> WHAT YOU SHOULD DO:
From the data below, repeat everything exactly except the images.

> DATA BLOCK:

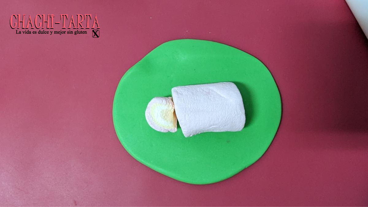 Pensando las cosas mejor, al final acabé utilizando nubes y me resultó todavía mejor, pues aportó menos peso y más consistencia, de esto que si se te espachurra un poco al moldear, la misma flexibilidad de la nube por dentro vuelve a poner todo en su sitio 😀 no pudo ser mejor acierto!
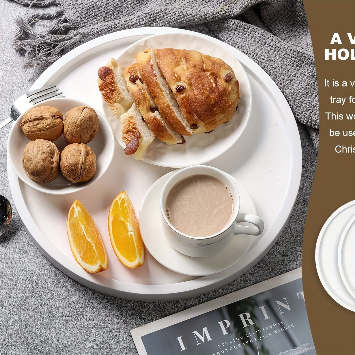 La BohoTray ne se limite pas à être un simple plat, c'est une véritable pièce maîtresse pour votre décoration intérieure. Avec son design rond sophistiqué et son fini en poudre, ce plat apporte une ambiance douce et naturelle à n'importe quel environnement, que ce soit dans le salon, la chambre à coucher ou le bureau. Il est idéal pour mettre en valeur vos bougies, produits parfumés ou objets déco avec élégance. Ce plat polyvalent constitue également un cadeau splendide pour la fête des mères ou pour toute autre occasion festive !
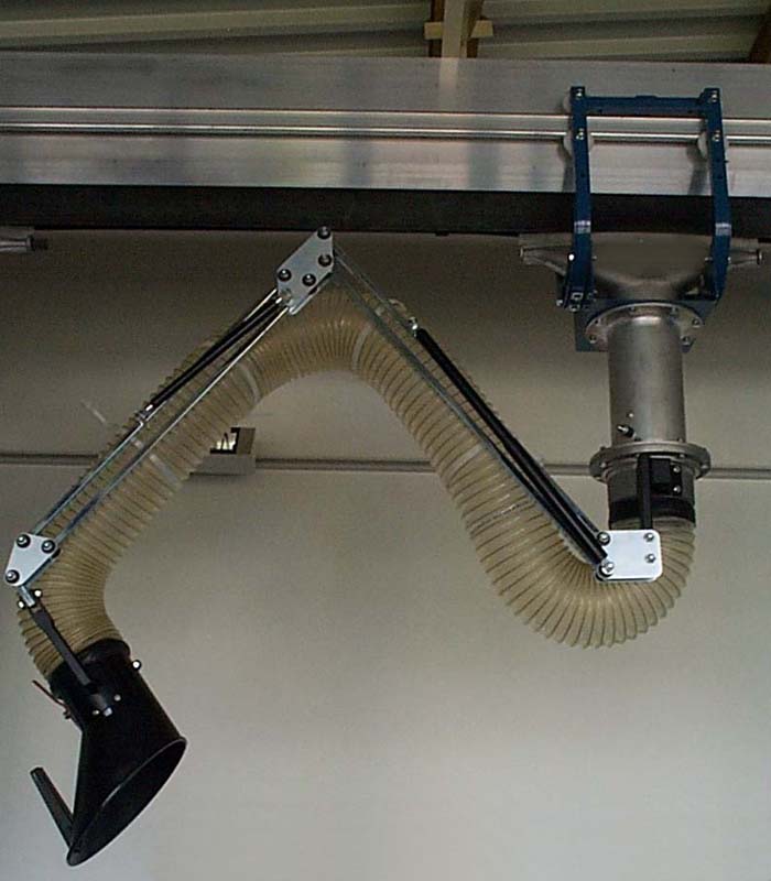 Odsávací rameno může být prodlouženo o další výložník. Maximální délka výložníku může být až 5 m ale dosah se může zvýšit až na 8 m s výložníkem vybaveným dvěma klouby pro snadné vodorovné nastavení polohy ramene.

> RESULT OF THIS TASK:
 Pensando las cosas mejor, al final acabé utilizando nubes y me resultó todavía mejor, pues aportó menos peso y más consistencia, de esto que si se te espachurra un poco al moldear, la misma flexibilidad de la nube por dentro vuelve a poner todo en su sitio 😀 no pudo ser mejor acierto!
 La BohoTray ne se limite pas à être un simple plat, c'est une véritable pièce maîtresse pour votre décoration intérieure. Avec son design rond sophistiqué et son fini en poudre, ce plat apporte une ambiance douce et naturelle à n'importe quel environnement, que ce soit dans le salon, la chambre à coucher ou le bureau. Il est idéal pour mettre en valeur vos bougies, produits parfumés ou objets déco avec élégance. Ce plat polyvalent constitue également un cadeau splendide pour la fête des mères ou pour toute autre occasion festive !
 Odsávací rameno může být prodlouženo o další výložník. Maximální délka výložníku může být až 5 m ale dosah se může zvýšit až na 8 m s výložníkem vybaveným dvěma klouby pro snadné vodorovné nastavení polohy ramene.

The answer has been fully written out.